Define what happens when trigger conditions are met.

### Scout Rule Actions

When a Scout Rule is triggered, you can execute one of these actions:

***

**Kill query**

* Terminates the specific query that triggered the rule
* **Use when:** Query exceeds acceptable duration or consumes excessive resources
* **Example:** Kill any query running longer than 300 seconds

***

**Kill connection**

* Terminates the entire database connection (closes all queries from that connection)
* **Use when:** A connection is causing persistent issues or needs to be forcibly closed
* **Example:** Kill connections from problematic clients or applications

***

**Kill idle connections**

* Terminates idle connections that aren't actively running queries
* **Use when:** Too many idle connections are consuming resources
* **Example:** Close connections that have been idle for more than 1 hour

***

**Rate limit**

* Automatically kills connections when they exceed a defined threshold to enforce the limit
* **How it works:** If Rapydo detects multiple simultaneous connections matching the trigger, it kills enough connections to reach the defined limit
* **Use when:** Need to limit concurrent connections from specific users or databases
* **Example:** Limit `reporting_user` to maximum 5 concurrent connections—if 10 connections are detected, kill 5 to reach the limit

**💡 Important:** Rate limit controls the NUMBER of simultaneous connections, not queries per second.

***

**RCA (Query Analysis)**

* Triggers automatic AI-powered query analysis for queries matching the trigger
* **Results are sent via email** with complete analysis and remediation plan
* **What you get:**
  * Root cause identification (missing indexes, inefficient joins, etc.)
  * Step-by-step remediation plan with SQL statements
  * Estimated performance impact
  * Table statistics and execution plan details
* **Use when:** You want to understand WHY queries are slow and get optimization recommendations
* **Common trigger:** Analyze any query running longer than a defined threshold (e.g., 60 seconds)

**💡 Important:** RCA goes beyond just identifying the problem—it provides complete solutions with implementation guidance.

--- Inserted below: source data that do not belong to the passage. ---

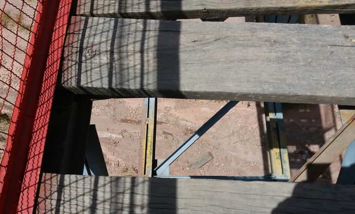 Se trata del tramo peatonal que conecta a los barrios 25 de Mayo y Ruca Quimey sobre el canal colector. Los tablones acusan un deterioro por el tiempo y algunos cayeron dejando espacios en blanco que representan un gran peligro.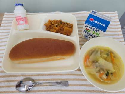今日の献立は、じゃがいものミートグラタン、スープ、発酵乳、黒糖パン、牛乳です。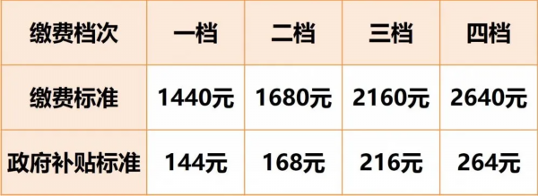 居民张某选择缴费档次“一档”,那么他需要缴纳居民养老保险费1440元,缴费到账后政府另外补贴144元计入其个人账户。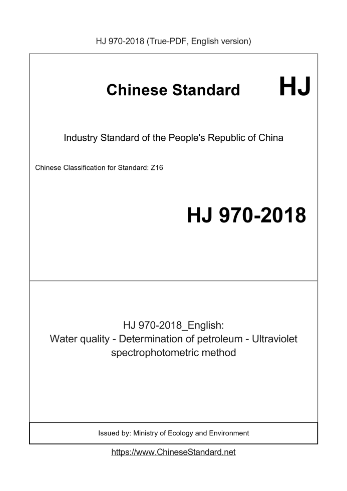 Delivery: <= 3 days. True-PDF full-copy in English will be manually translated and delivered via email. HJ 970-2018: Water quality - Determination of petroleum - Ultraviolet spectrophotometric method Status: Valid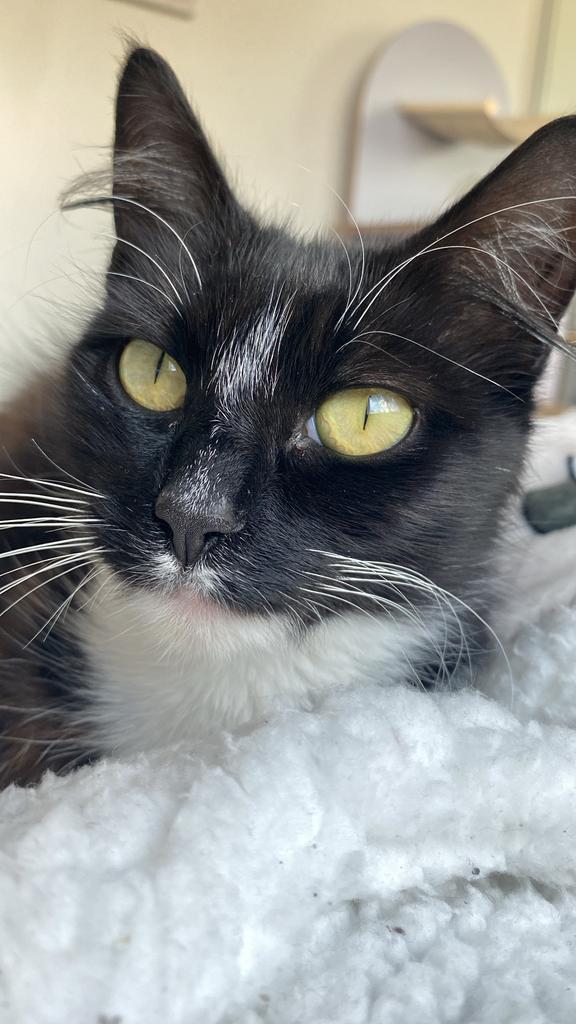 Bette Meowvis is a beautiful affectionate young lady who has taken her former life in her stride and is looking for bigger and better things. Found living on a pile of dirt this little lady is ready to live her best life. Searching for her person or persons, Bette loves to snuggle up and does not like to fight for your attention. All eyes on her. Although she is sporting a feather duster for a tail and a little bit of a bald butt currently these temporary features do not bear on her personality at all. She has all the love and more to give to her chosen one. She is learning to play but is still a bit tentative. She has been watching her room mates (4 week old kittens) and is working on her technique. A big kitten at heart is our Bette Meowvis with the most amazing Bette Davis eyes.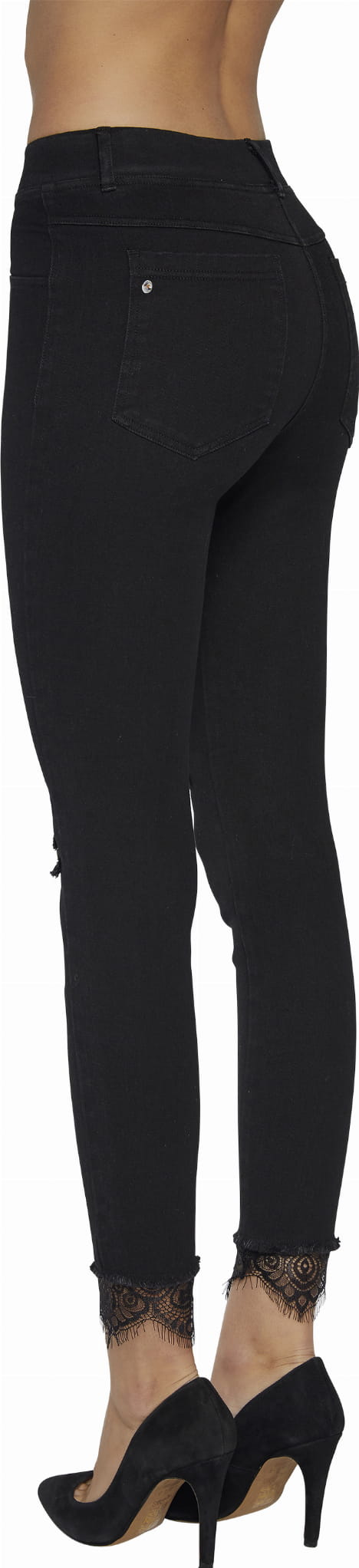 Modne Legginsy z efektem push-up w jeansowym stylu. Kieszenie tylne zostały wszyte w sposób, który widocznie uniesie Twoje pośladki, ozdobione kryształkiem Swarovski. Przetarcia na kolanach oraz ozdobna koronka na zakończeniu nogawek, nadają indywidualny charakter.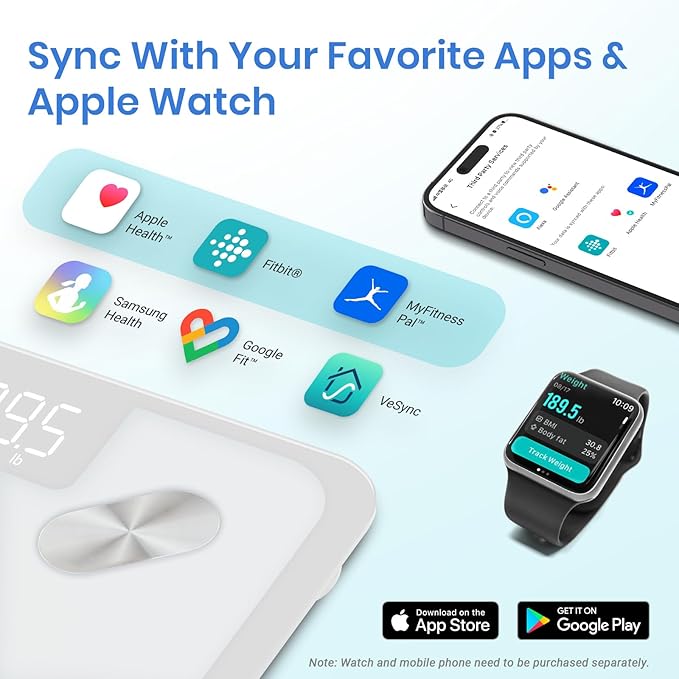 • Use with Ease: Seamlessly integrate our scale into your fitness routine. Compatible with APPLE WATCH and syncs data with popular fitness apps like Apple Health, Samsung Health, Google Fit, FitBit, and MyFitnessPal. Supports unlimited users for convenience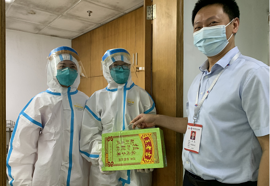 活動中,院黨委副書記、工會主席黃純帶領(lǐng)黨群辦負責人張文清等先后到預(yù)檢分診點、核酸采樣點、發(fā)熱門診走訪慰問高溫環(huán)境下工作的一線醫(yī)護人員,感謝大家為醫(yī)院疫情防控工作付出的努力。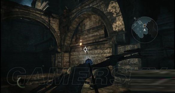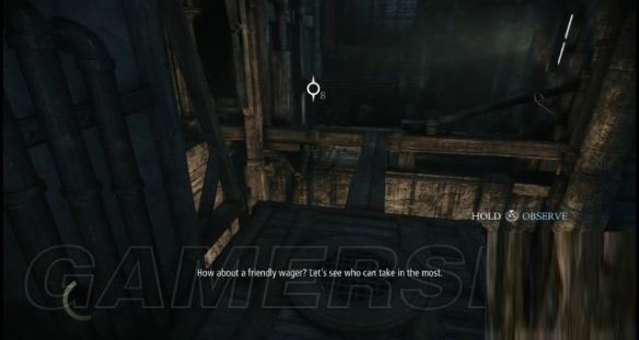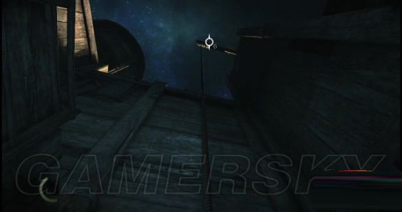 然后抬头往旁边高塔顶部突出的一条木条望去,然后按住RT键将聚焦并缓缓缩窄的焦点(圆圈)落在木条上,随后松开RT键就可以发射箭绳(取消射击按一下B键),箭绳就会束缚住木条。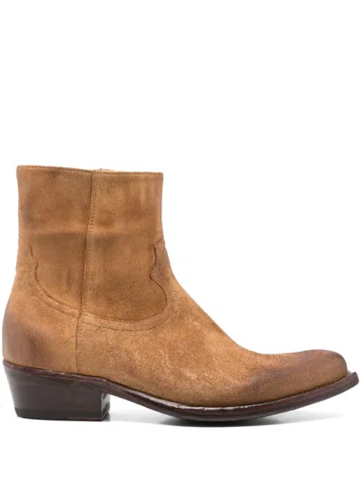 绒面皮拉链开合西部风低跟靴(4厘米)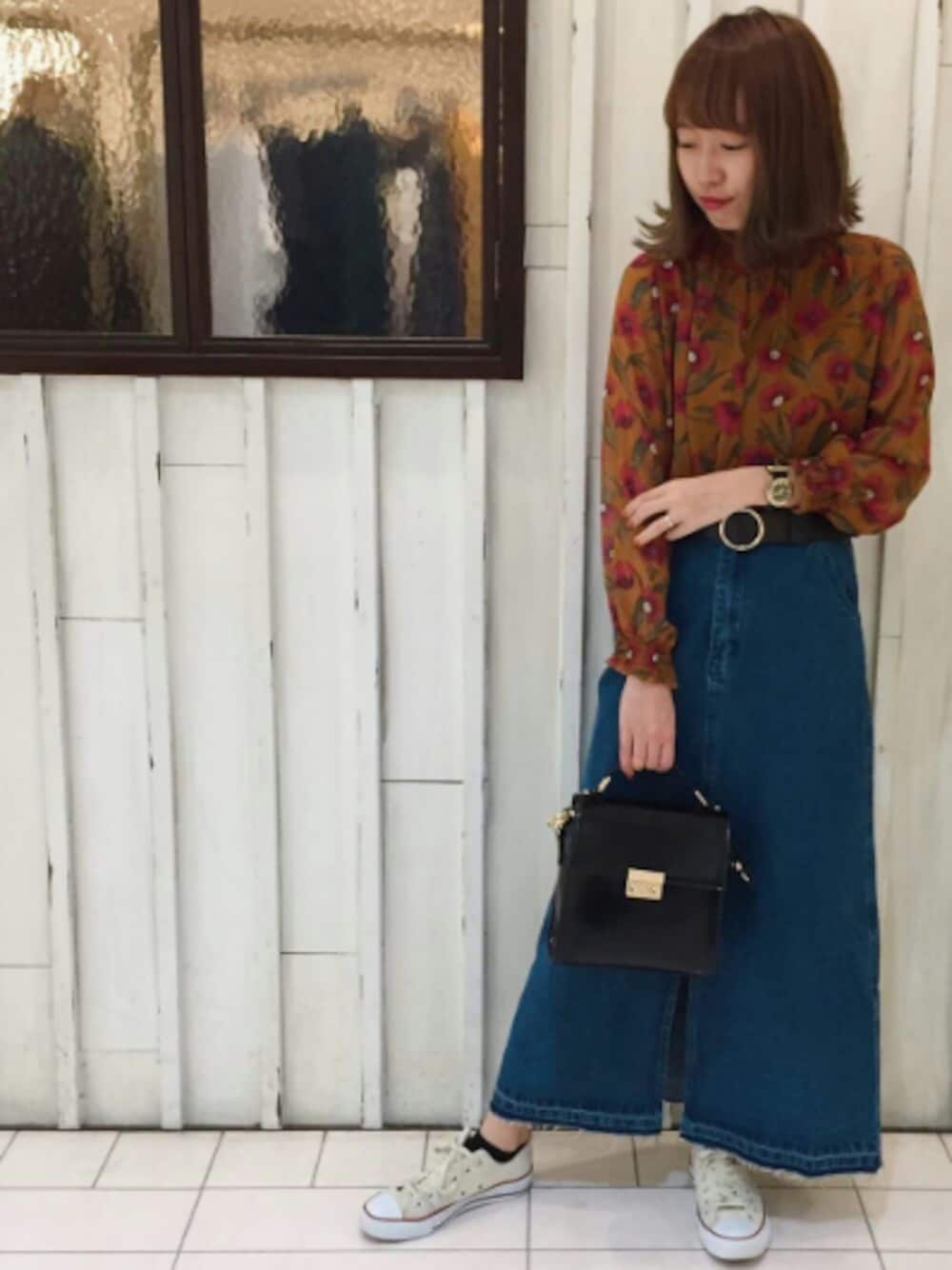 レトロな花柄ブラウスは デニムのマキシスカートとスニーカーで 大人カジュアルに

**⚠️ Required:** A notification destination (email or webhook) must be configured when using RCA. The analysis report cannot be delivered without a valid notification target.

***

**No action (Notification Only)**

* Select **No action** as the action type, then enable notifications with your email or webhook
* Sends alert without taking any database action — queries continue running unaffected
* The event is logged in Rapydo for audit purposes
* **Use when:** You want visibility without automatic intervention
* **Example:** Monitor query patterns to build baselines before taking action

***

## Step 5: Configure Details

### Basic Settings

**Type**

* Alert rule (metric monitoring)
* Scout rule (query monitoring)

**Status**

* **Active**: Rule is monitoring and will execute actions
* **Disabled**: Rule is saved but inactive (useful for testing)

**DB Instances**

* **Select All**: Apply rule to all monitored instances
* **Specific Instances**: Choose individual databases
* **💡 Tip:** Start with specific instances, then expand to "Select All" after testing

***

### Alert Rule Parameters

**Samples to Trigger**
Number of consecutive checks that must exceed the threshold before alerting.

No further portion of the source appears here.